3. Attitudes toward Self

a. Should personally examine self as to manner of partaking (I Cor. 11: 28).

b. Should personally examine self as to consistency in life and personal dedication to the Lord (1 Cor. 10:21).

4. Attitudes toward the Supper

a. Should observe steadfastly and continually (Acts 2:42).

b. Should observe purposely (they came together for that purpose, among others) (Acts 20: 7).

Should not observe with gluttony and drunkenness or make of it a common meal (I Cor. 11:21-22, 34).

D. Some - Suggested Helps In Observing Worthily

1. To keep the mind properly centered on the Supper you might wish to read one of the Bible accounts of the institution of the Supper or of the crucifixion.

2. You might wish to engage in silent prayer of thanksgiving for Christ's sacrifices for you and petition that your life might be conformed more to his image.

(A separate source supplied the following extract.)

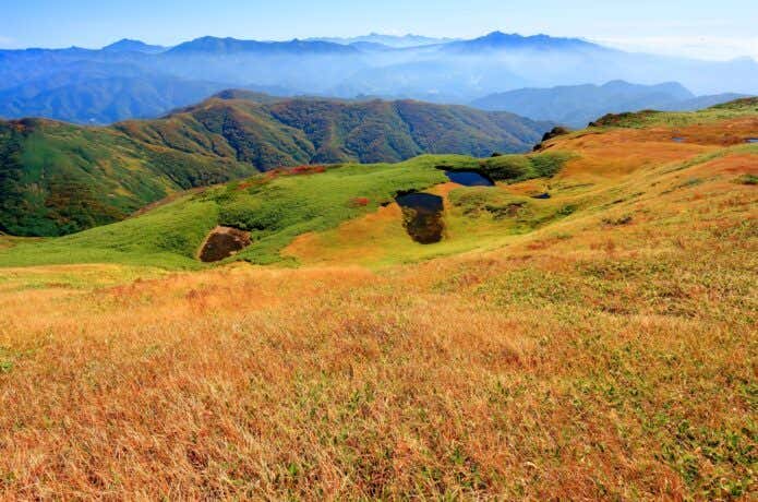 秋になると山全体が燃え上がるように染まる様は圧巻。「天狗の庭」から山頂を仰ぎ見るのもよし、山頂から天狗の庭を見下ろすもよし。どこを眺めても真っ赤な草紅葉と池塘の絶景が広がります。

I would not allow my prayer, however, to wander from the memorial.

3. You might prefer to read the words of some of the excellent songs in the hymn books which connect with or relate to these events.

4. We will all certainly not want to allow noises or movements in the house to interrupt our concentration. Do not turn around and look back or around. It might nullify the meaning of the Supper to you or me.

E. Punishments For Observing "Unworthily"

1. The Christian who partakes unworthily "shall be guilty of the body and blood of the Lord"; that is, guilty of profaning, degrading, and affronting the serious significance of the sacrifice made by Christ, taking lightly his death and its meaning.

2. The Christian who partakes unworthily "eateth and drinketh damnation." To partake unworthily is sin by which one may be condemned.